A prominent member of Munich’s Jewish community filed antisemitic harassment charges against two right-wing demonstrators attending a protest of COVID-19 pandemic restrictions on the anniversary of Kristallnacht.
Marian Offman, former deputy chair of the Jewish community of Munich and Upper Bavaria, clashed verbally with the demonstrators at the anti-government rally in the Bavarian state capital. Offman challenged the protesters for comparing pandemic restrictions to the persecution of Jews during the Holocaust, and police eventually intervened.
He filed the charges Nov. 9, while the unnamed demonstrators, including a representative of the far-right Alternative for Germany party, of AfD, also filed charges against Offman. Offman told the Jewish Telegraphic Agency that he had cursed them out after challenging them on antisemitic posters and statements.
Police at the scene led Mr. Offman away “like a criminal,” he said in a telephone interview from Munich.
The incident occurred on the 84th anniversary of Kristallnacht, the Nazi pogrom against Jews and their property that foreshadowed genocide. Some 350 adherents of the German Querdenker (“contrarian”) movement had chosen the anniversary to protest against government pandemic restrictions and against the imprisonment of pandemic deniers and proponents of conspiracy theories.

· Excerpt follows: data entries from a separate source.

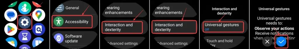 Ενώ μπορείτε να εκτελέσετε ορισμένες εργασίες με το Galaxy Watch σας χρησιμοποιώντας τη λειτουργία Universal Gestures, μια ενημέρωση UI Watch 5 επιτρέπει σε πολλές γενιές έξυπνων ρολογιών Galaxy να χρησιμοποιούν τη λειτουργία Universal Gestures. Αντίθετα, τα
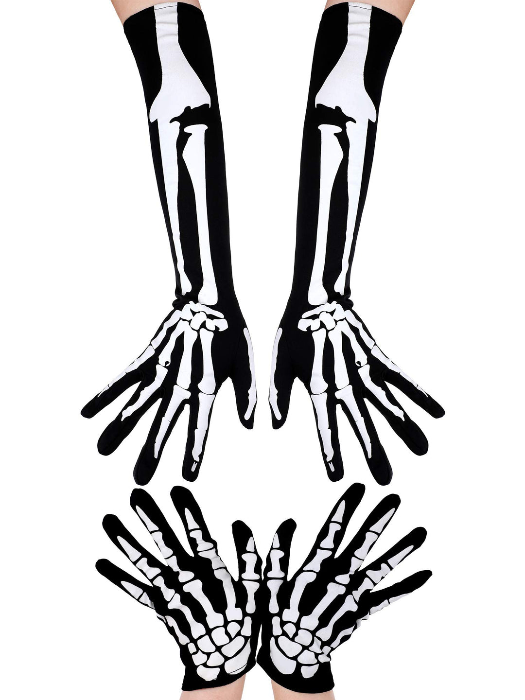 - Original Gloves – 2 Pairs Halloween Skeleton Gloves Long Short Skull Claw Ghost Bone Gloves for Halloween Cosplay Party Props by Boao
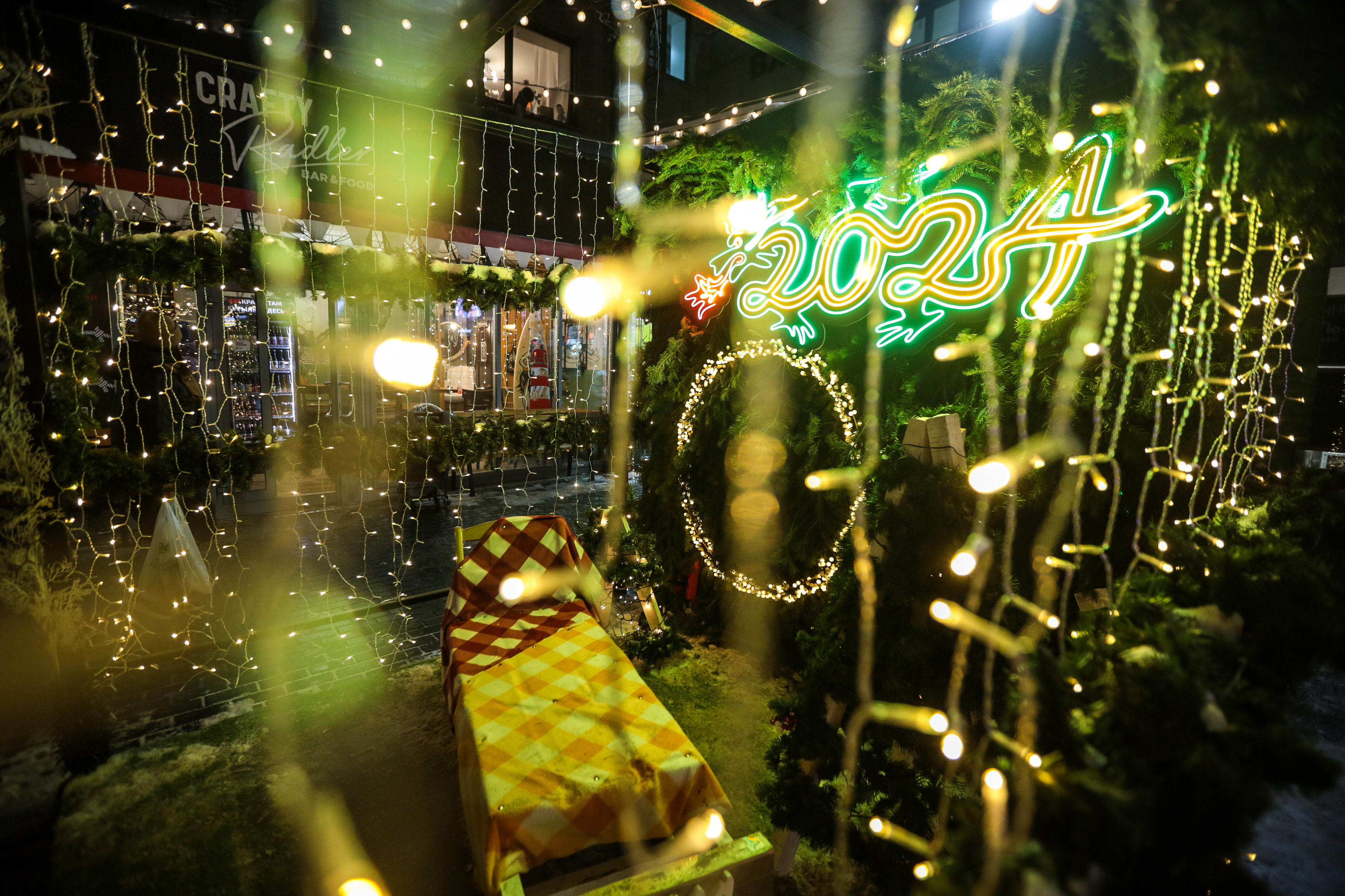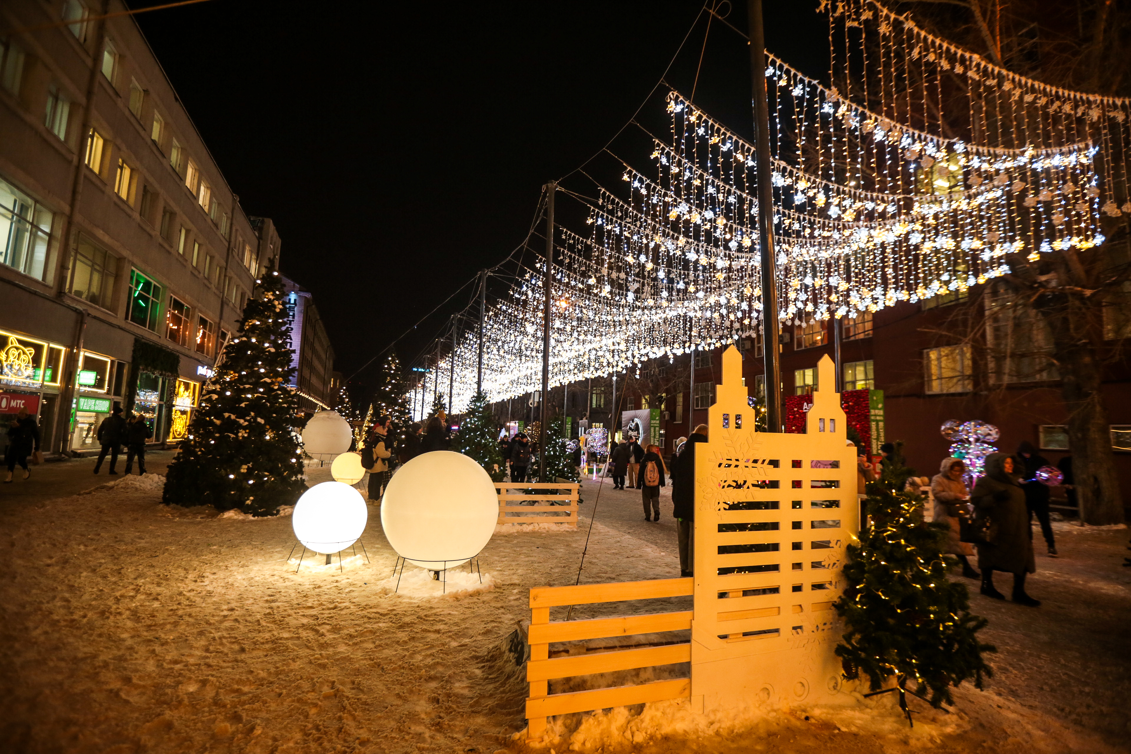 Пешеходная улица Ленина, как всегда, эпицентр праздника. В этом году там расставили необычные арт-объекты. У здания Госбанка всех встречает котик с монеткой. Говорят, если её потереть — обязательно станешь богатым. Очень нарядно выглядит подвесной потолок из гирлянд. Попробуйте навести фотокамеру снизу — кажется, что находишься в огромном сверкающем куполе. Привлекает знакомая всем локация с качелями и надписью «Всё сбудется» на веранде у дома №6. Хорошая традиция — загадывать желания.

Holocaust imagery to protest coronavirus protocols and other public health measures in Germany
The use of Holocaust imagery to protest coronavirus protocols and other public health measures became frequent in Germany during the pandemic, testing the country’s strict laws against trivializing or minimizing the Holocaust. In June 2020, Munich made it illegal to trivialize the Holocaust at such demonstrations, after several cases in which people wore yellow stars printed with the word “unvaccinated,” or held posters comparing themselves with Anne Frank.
Offman, 74, who served as a member of the Munich city council until 2020, had been attending a counter demonstration of about 300 people on Max-Joseph-Platz, a large square in the city center, when he saw an anti-vax demonstrator “holding a poster with a Jewish star on it, which is forbidden,” he told JTA.
“I said to the police, ‘That is forbidden,’ and they took the poster,” said Offman, who then saw a woman holding a similar sign. “I asked her if she thought it is ok to have a demonstration like this of all days on the ninth of November,” the anniversary of Kristallnacht.
She countered, inaccurately, that it was also the anniversary of a failed attempt on the life of Adolf Hitler by George Elser, which took place on Nov. 8, 1939. “I said I was sorry that they had not killed Hitler, and if I had had the chance, I would have done it, given the fact that part of my family was wiped out by the Nazis. Then she asked me: ‘Where is your humanity?’ I was so surprised, but I said nothing. Then she said, ‘People like you can get away with anything, you are above the law.’ It was blatant antisemitism.”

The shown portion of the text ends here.